JP5499670B2 - Grease composition for heat dissipation - Google Patents

Description

  The present invention relates to a heat dissipating grease composition containing a hygroscopic substance.

  As integrated circuits (ICs) used in electronic devices become highly integrated, the amount of heat generated during use has become a problem. In order to protect the integrated circuit and the like from the generated heat and maintain its function, the generated heat is usually conducted to a radiator such as a heat radiating fin or a heat sink or a heat radiating system and released outside the system.
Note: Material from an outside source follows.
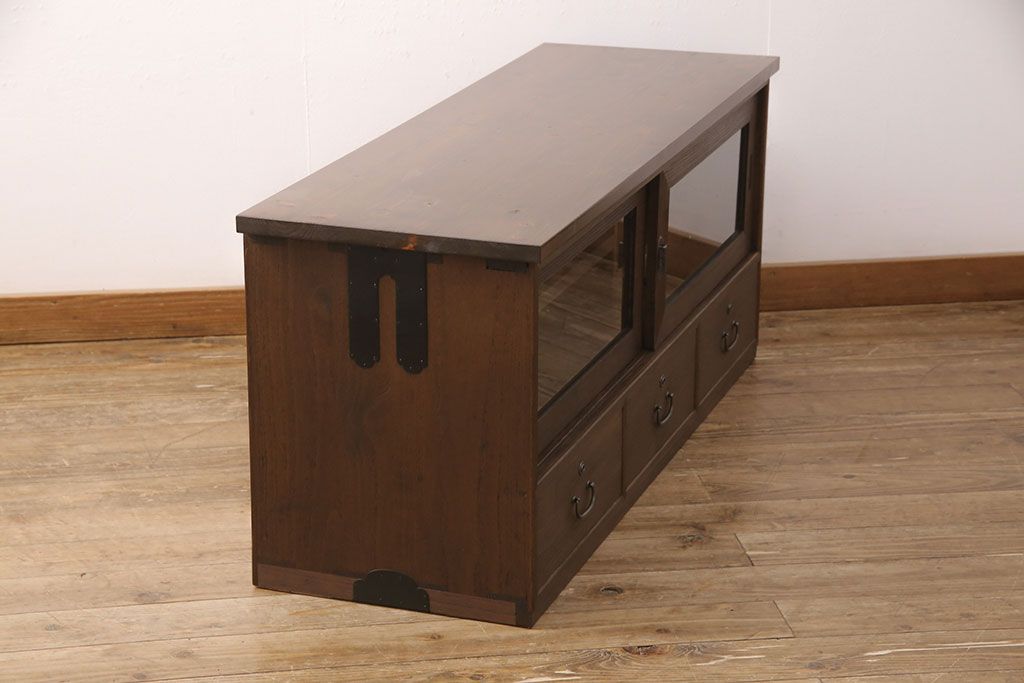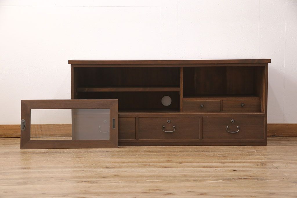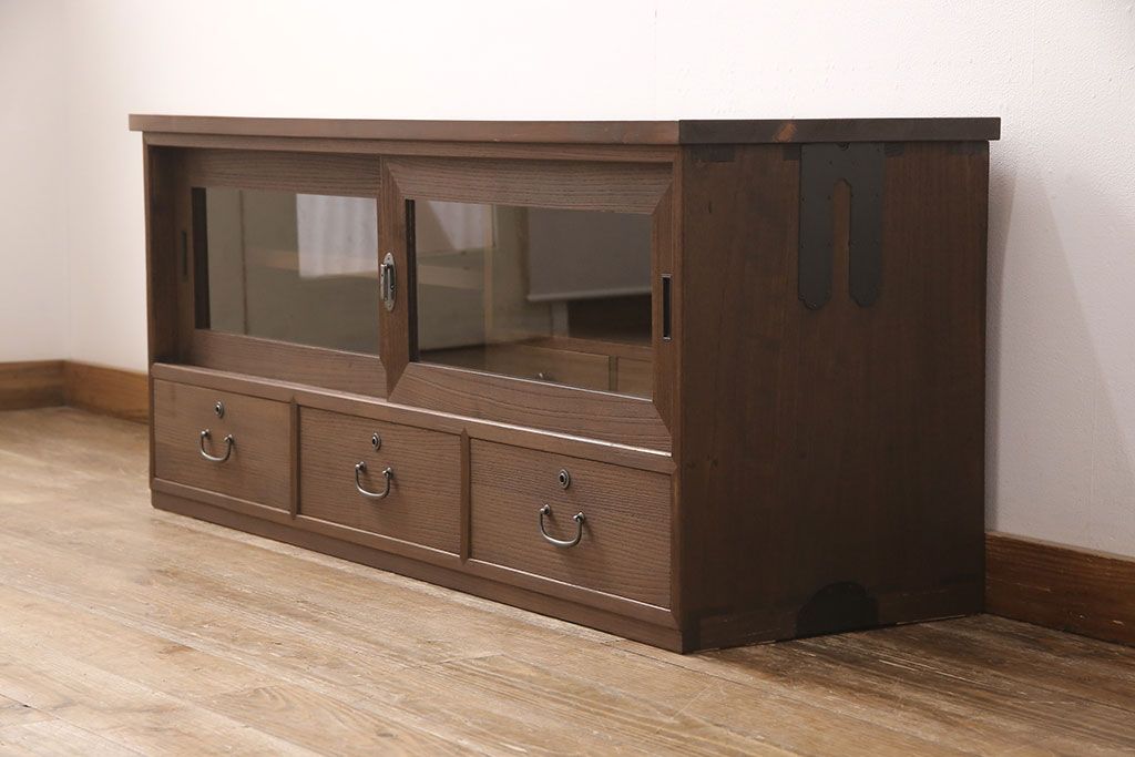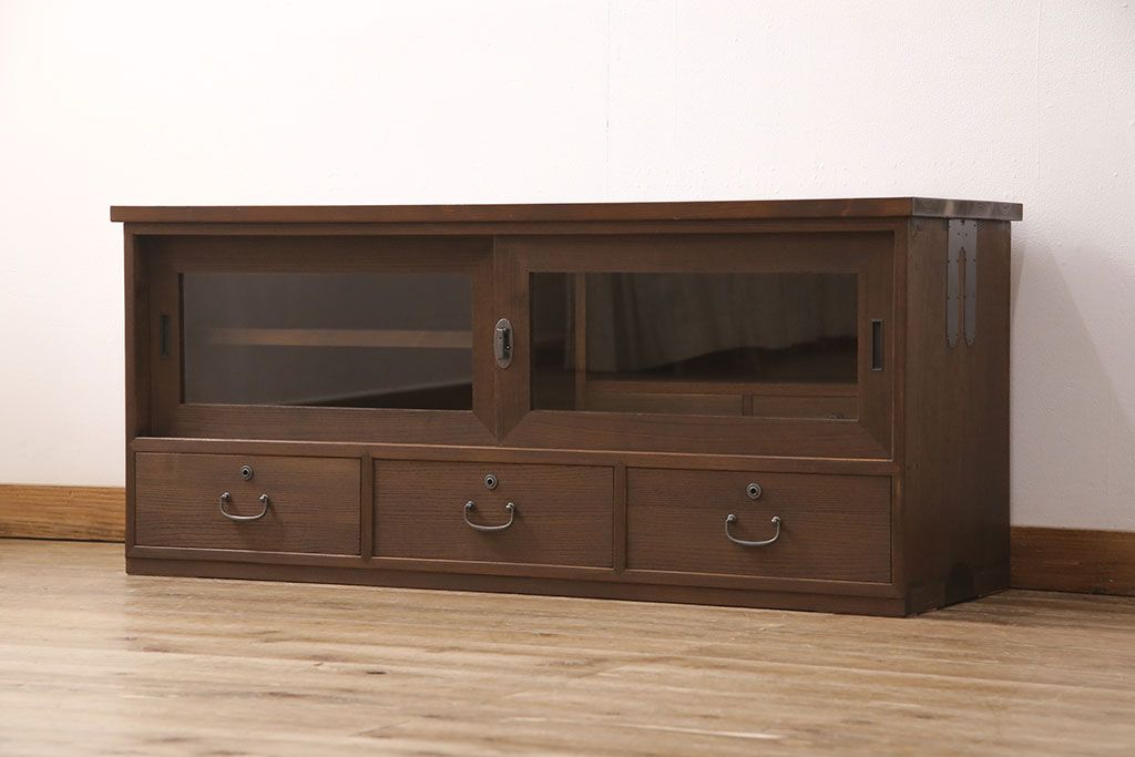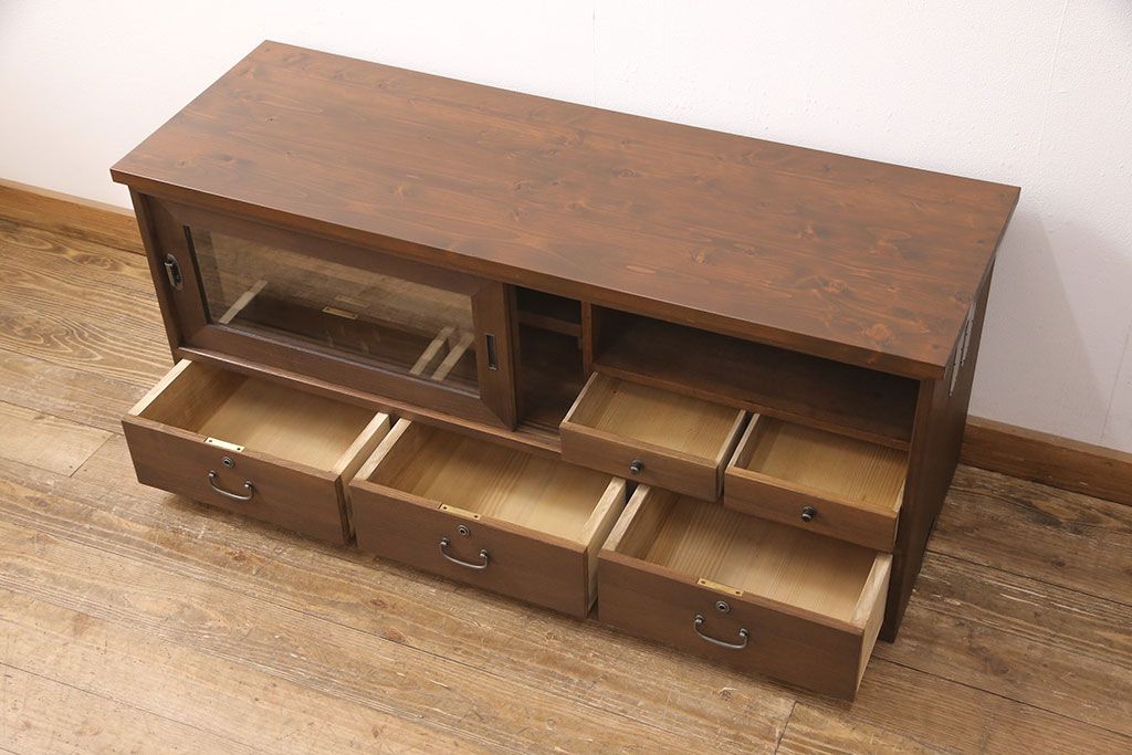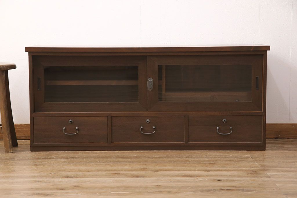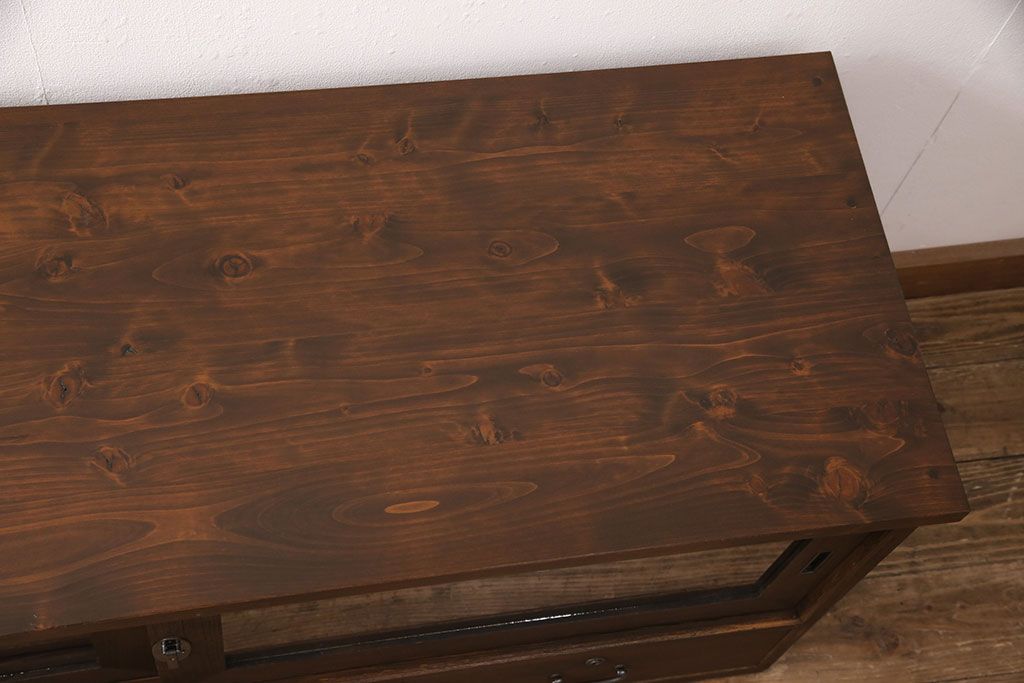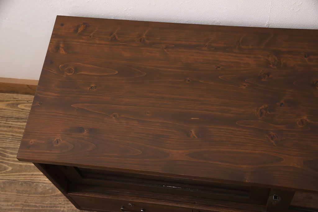 重ね桐箪笥の上段をローボードにリメイク!引き戸にはクリアガラスをはめ込み、引手を交換。内部の左側に棚板を製作。ヒノキ材で天板を取り付け、オーク系に着色仕上げ。

Therefore, in order to cope with the increasing amount of heat, it is necessary to reduce the thermal resistance of a radiator or the like and further enhance the heat dissipation effect.

  In order to reduce the thermal resistance, there is a method of improving the heat load durability of a radiator or the like by installing or increasing a path for heat conduction and heat release or installing an insulator to improve air permeability. However, this method involves the problem of increased costs.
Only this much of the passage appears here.